The paper proposes logit reweighting to adapt closed-source LLMs for task-specific generation without accessing model weights. By learning an autoregressive transition matrix from task data, it adjusts token probabilities during inference to align outputs with target domains. Experiments show improved style/keyword compliance over zero-shot and instruction tuning, advocating logit accessibility as a practical adaptation pathway. The method bridges theoretical label shift correction with efficient LLM customization.

给作者的问题

No further questions.

论据与证据

The claims are partially supported: empirical results on style/keyword alignment validate performance gains, but theoretical guarantees (e.g., distribution alignment) rely on idealized assumptions (e.g., perfect transition matrix estimation) not fully verified in real-world noisy settings. Scalability claims for large vocabularies lack rigorous analysis of trade-offs with token pruning.

方法与评估标准

The methods (logit reweighting via transition matrices) align with the goal of adapting closed LLMs using limited access (logits only), and domain-specific metrics (style/keyword accuracy) suit tasks like product descriptions. However, human evaluation is notably absent for assessing output quality, and generalization tests are limited to narrow domains (e.g., one brand), leaving broader applicability under-explored.

理论论述

The theoretical claim of distribution alignment (via logit reweighting under ideal transition matrices) is logically consistent given the assumptions, but the proof sketch (as described in the summary) assumes noiseless task-specific data and perfect estimation of the transition matrix—conditions unlikely in practice. No convergence rates or sensitivity analysis for estimation errors are provided, and empirical results do not explicitly validate the theoretical bound (e.g., measuring distribution divergence post-adaptation).

实验设计与分析

The experimental design has validity in using domain-specific metrics (e.g., keyword accuracy for product descriptions), but human evaluation is missing, leaving output fluency/coherence unverified. Comparisons to baselines (zero-shot, instruction tuning) are reasonable, but scalability tests lack depth—token pruning’s impact on rare tokens is unstudied. Domain generalization is under-tested (e.g., single-brand data), raising concerns about broader applicability.

补充材料

Yes, I reviewed the algorithm descriptions in Appendix A, the assumptions in Appendix B, and the experimental details in Appendix C.

与现有文献的关系

The paper connects to label noise correction literature (e.g., noise transition matrices in supervised learning) by reframing LLM adaptation as correcting “noisy” general-purpose token distributions.

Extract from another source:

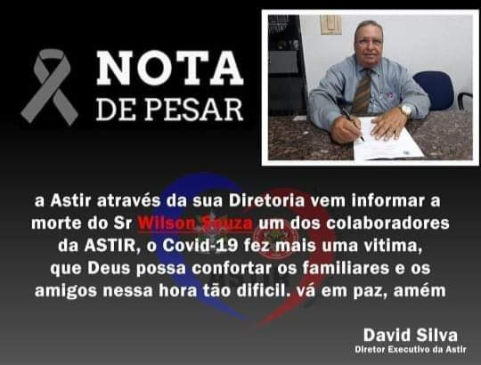 Faleceu no final da noite de sábado (20) aos 64 anos, em Porto Velho, o jornalista Wilson Souza, assessor de Imprensa da Câmara de Vereadores, por complicações decorrentes do novo Coronavírus (COVID-19/SARS-CoV-2).

It extends these ideas to autoregressive generation, differing from prior LLM adaptation (e.g., prompt tuning, soft prompts) by relying solely on logits, aligning with resource-efficient methods like light-weight finetuning but avoiding weight access. Theoretically, it bridges domain adaptation (e.g., label shift theory) with LLM customization, advancing closed-model adaptation paradigms.

遗漏的重要参考文献

The paper does not cite controlled text generation methods (e.g., FUDGE Yang & Klein, 2021), which also modify logits using auxiliary models for task alignment. Additionally, Qiu et al. also investigated how to dynamically adjust logits by learning temperature parameters to adapt to different tasks.

[1] Yang & Klein, FUDGE: Controlled Text Generation With Future Discriminators, In NAACL, 2021. [2] Qiu et al., To Cool or not to Cool? Temperature Network Meets Large Foundation Models via DRO. In ICML, 2024.

其他优缺点

Strengths: The paper’s originality lies in creatively bridging label noise correction with autoregressive LLM adaptation, a novel conceptual link that unlocks practical utility for closed models. Its emphasis on logit accessibility addresses a critical industry need (adapting proprietary models without weight access), offering significant real-world relevance. The method’s lightweight design (task-specific matrix learning) is a pragmatic strength.

Weaknesses: While innovative, the framing underplays overlaps with logit manipulation in controlled generation (e.g., FUDGE) and distillation. Broader claims about domain generalization lack empirical rigor (limited to narrow tasks/brands), and theoretical assumptions (perfect matrix estimation) are underexplored in practical noisy settings.

其他意见或建议

Suggestions:

Human evaluation: Include user studies to validate output quality beyond automated metrics.
Error analysis: Quantify how token pruning affects rare tokens or domain-specific terms.
Comparison to logit-based methods: Explicitly contrast with FUDGE or distillation to clarify novelty.

作者回复

2025-04-01

We appreciate the reviewer’s encouraging words and thoughtful feedback.

Regarding human evaluation and limited generalization tests We already conducted a human evaluation (line 366, details in Appendix C.7) where three evaluators compared Plugin and ICL-3 on 100 Adidas samples, with Plugin preferred in 81% of cases—directly supporting output quality.

While the Adidas dataset reflects a specialized domain shift, our study extends beyond a single brand. As shown in Section 7.1, we also evaluate on WEB NLG, E2E NLG, and CommonGen—each representing its own distribution shift relative to the black-box model’s pretraining data. In Section 7.3, we further explore adversarial shifts by testing Plugin on models with known biases (e.g., infrastructure in WEB NLG, male-related concepts in CommonGen), demonstrating Plugin’s broad applicability across diverse and challenging settings.

For most datasets, we follow standard practices from PEFT literature (Hu et al., 2021; 2023a) that rely on automated metrics comparing outputs to well-formed references to assess overall quality. This combination of human judgments (for Adidas) and standard metrics (for broader benchmarks and Adidas) provides both qualitative and quantitative evidence of the Plugin’s generalization capabilities.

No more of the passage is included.